A parent and child develop rules for behavior amongst themselves in the family unit. In the youth's early years, parents set the rules. By adolescence adjustments are gained for the youth's benefit, by proof of responsibility. That's the theory at least, just as an American cultural generalization. It applies to most everyone I've known.

This concept turns on its head when parents get older. The concept is still very much there, but the give and take of responsibility, "owenship" of the knowledge between right and wrong, permitted and not, and how this matter is dealt with between parent and child, can play havoc with a deteriorating mind and body. It's difficult for the adult child too.

Just the way we children had feelings when we got grounded, these parents of ours have feelings too. It's just backwards now. How the Baby Boomer interacts with parents in declining health can make or brake their aspect on life, their will to live.

This emotional gray area is hell for parent and child. Nobody likes to be told what to do.

First, you don't let a parent eat all the candy they want if they've become diabetic. They have other vices, these golden yeared, gray haired generation of "our" collective parents.
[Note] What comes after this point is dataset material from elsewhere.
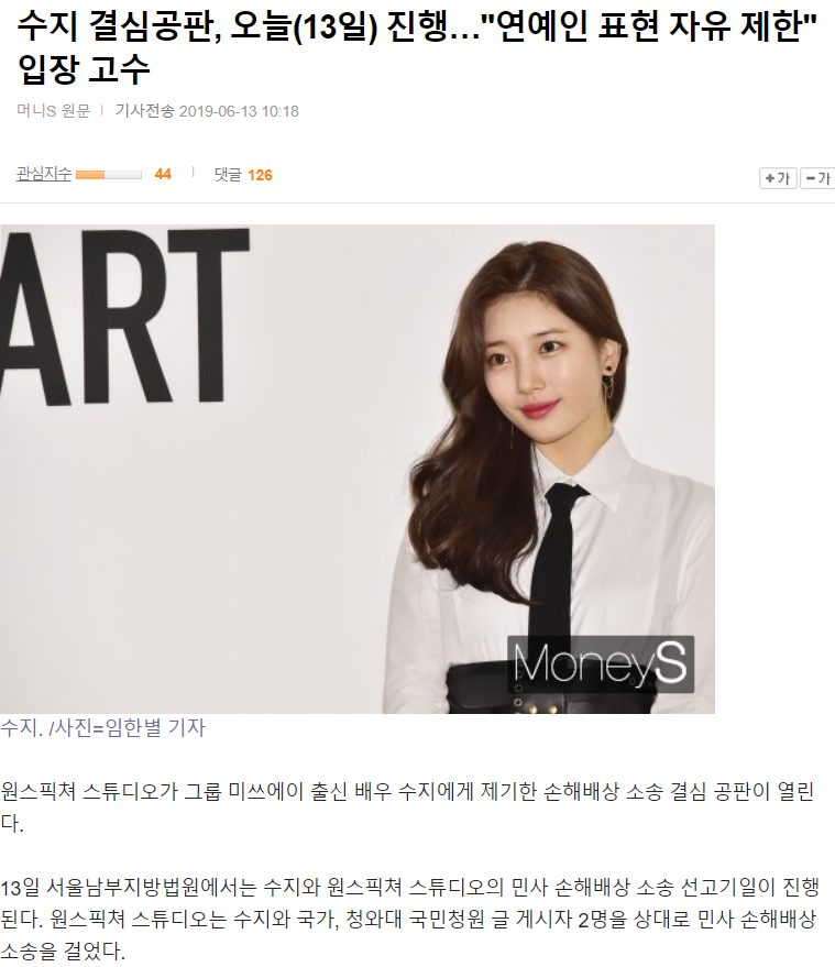 Vào ngày 13/06, Tòa án quận Nam Seoul đã tổ chức phiên tòa cuối xử kiện vụ việc giữa Suzy và studio chụp ảnh Once Picture. Được biết, stuido này đã đòi bồi thường thiệt hại 100 triệu won (gần 2 tỷ đồng) đối với nữ ngôi sao và hai cá nhân khác sau khi kiến nghị lên chính phủ.

How do we, previously rebellious youth, become the parents to our parents?

From my experience, what goes around comes around. It would be appropo not to repeat mistakes parents made on us. But can we do otherwise?

Whatever philosophy we live by, our parental units were undoubtedly responsible for germinating in some way. Nevertheless, when they get back what they gave, sometimes they don't like it.

Where does that leave the responsible adult child, admonished and rebuffed by the parent?
"Because I said so" is undoubtedly one of the worst reasons.

Unfortunately, it comes to that at some point, and it's emotionally explosive for both parent and adult child.